Wild Pepper in Sinharaja Park

Our goal was to head south and make it over to Galle eventually so that we could get back to Negombo and catch our flight out.

We decided on Sinharaja Forest because we were told that Udawalawe was really touristy and Sinharaja was a bit more off the beaten path. It’s also a bit closer to Galle, which is awesome.

We were told to take a tuk-tuk or car to the park because “the buses would be too difficult” Ha! Says who? No one on Trip Advisor could tell us how to get to our guest house which was right at the gate to the Sinharaja Forest park outside a tiny village called Mideripitiya which is outside a town called Deniyaya. Can’t find the answer online?
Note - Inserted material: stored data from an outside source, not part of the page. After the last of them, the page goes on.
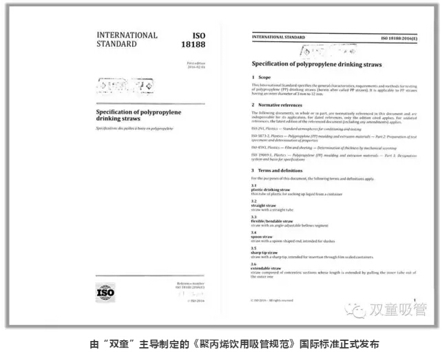 在大多數(shù)人沒有意識到標(biāo)準(zhǔn)的重要性時(shí),“雙童”早在20多年前就意識到標(biāo)準(zhǔn)制定權(quán)和行業(yè)話語權(quán)的重要性。從1997年開始,“雙童”先后主導(dǎo)起草了《聚丙烯飲用吸管》的行業(yè)標(biāo)準(zhǔn)、浙江標(biāo)準(zhǔn)、國家標(biāo)準(zhǔn)、ISO國際標(biāo)準(zhǔn)等國家級標(biāo)準(zhǔn)的編制工作,從而牢牢掌握住全球吸管行業(yè)發(fā)展的脈搏,獲得了全球吸管產(chǎn)業(yè)的標(biāo)準(zhǔn)制定權(quán)和行業(yè)話語權(quán)!
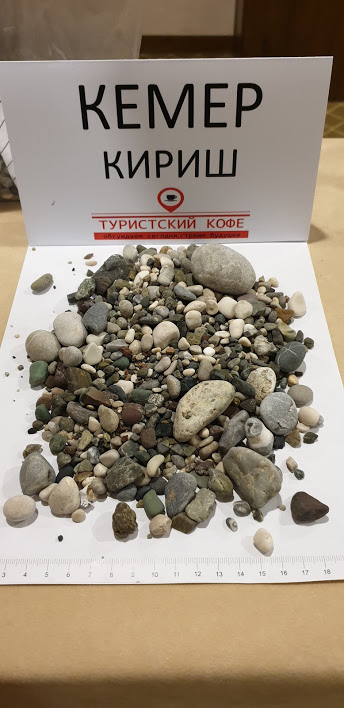Кемер, центральная часть. Плотный коричневого цвета песок, но его очень немного. В основном на пляже средняя и крупная галька. Причем галька не скучно однотонная, а окрашенная в разные цвета. Она бежевая, коричневая, светлая, изумрудная, полосатая, ярко-синяя, сероватая, что придаёт побережью своеобразный колорит.
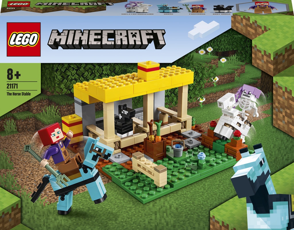 Kids who love to create, rebuild and use their imagination will love this versatile LEGO Minecraft set. The stable has an opening door and is full of authentic Minecraft details, such as a golden carrot and diamond armour. Kids can feed and care for the horses, build obstacle courses and battle with a skeleton rider! This creative, rebuildable set is the perfect gift for both Minecraft players and little horse lovers.""- Adventures in the horse stable in the realm of Minecraft™ come to life with versatile LEGO® bricks. - There is a horse, pony, farm help, skeleton horse and fun accessories. - Children can look after the horses, build an obstacle course and compete against a skeleton! - A great gift for Minecraft™ fans and horse lovers aged 8 and up. - The model is suitable for play and display and can be combined with other LEGO® Minecraft™ sets. - Included are hay bales, golden carrots, diamond armor for horses and other accessories.- LEGO® Minecraft™ bricks offer players a new way to enjoy their favourite game. - LEGO® building blocks meet strict industry quality standards. - LEGO® pieces meet the highest safety standards in the world."

Ask the locals.

So, for all you looking to get from Ella to Deniyaya: be prepared for buses galore. We took 4 (and could have jumped a 5th had we known).

Tourradar

To Get from Ella to Deniyaya:

Step 1: Bus from Ella to Wellawaya

This is a short trip and easy to do.

Step 2: Bus from Wellawaya to Udawalawe

There is no bus that goes from one city to the other, you just need to ask around as to what bus to hop and then they’ll tell you where to get off- Udawalawe is a large national park and is a popular destination for tourists.

On this bus route, which took about 2 hours, we saw some elephants on the side of the road! Wild elephants! Lika, who was taking the bus with us, but getting off at Udawalawe National Park, later ran into us in Galle. She said that the park was pretty pricey and touristy and she saw no more elephants than the ones we saw on the side of the road while on the bus. Hmmm. Good to know.

Step 3: Bus from Udawalawe to Embilipitiya

This was a bus stop on the side of the road in Udawalawe (just look for a whole bunch of locals grouped together somewhere) to Embilipitiya (a short ride: maybe 20 min).

Step 4: Bus from Ebilipitiya to Deniyaya

This ride was about 1.5 hours.

We got off at the small Deniyaya station and took a tuk-tuk from there. Had we known, we could have taken another bus from Deniyaya to Mideripitiya’s post office (about 40min).

Grand total cost to get from Ella to Deniyaya? About $5USD total.

At Sinharaja Forest Edge Hotel

We left Ella around 10am and got to our hotel, the “Sinharaja Forest Edge” around 4pm.

The tuk-tuk cost about 1000LKR ($6.50USD) and took us over some BUSTED back roads to get to the entrance of Sinharaja. We were in the WOPS. Seriously. There was nothing out there except a handful of hotels and a post office.

The hotel we booked is quite literally the forest edge, too. The entrance to the Sinharaja Forest is almost at the entrance to the hotel. I wouldn’t recommend this hotel, though. It was pricey- $40USD a night for a double-occupancy room, which includes breakfast (for Sri Lanka, that is a very expensive hotel!). Anything else we wanted to do, however, was extra and we were a captive audience.

Because there is nothing else there you have to eat the food they have (which they charged dearly for) and they really pushed their own forest tours on us. We wound up caving in and buying an all-day pass to get into the park for $35USD each. (Yikes).

This bed was really comfy.
The view from our room. Jackson looks out.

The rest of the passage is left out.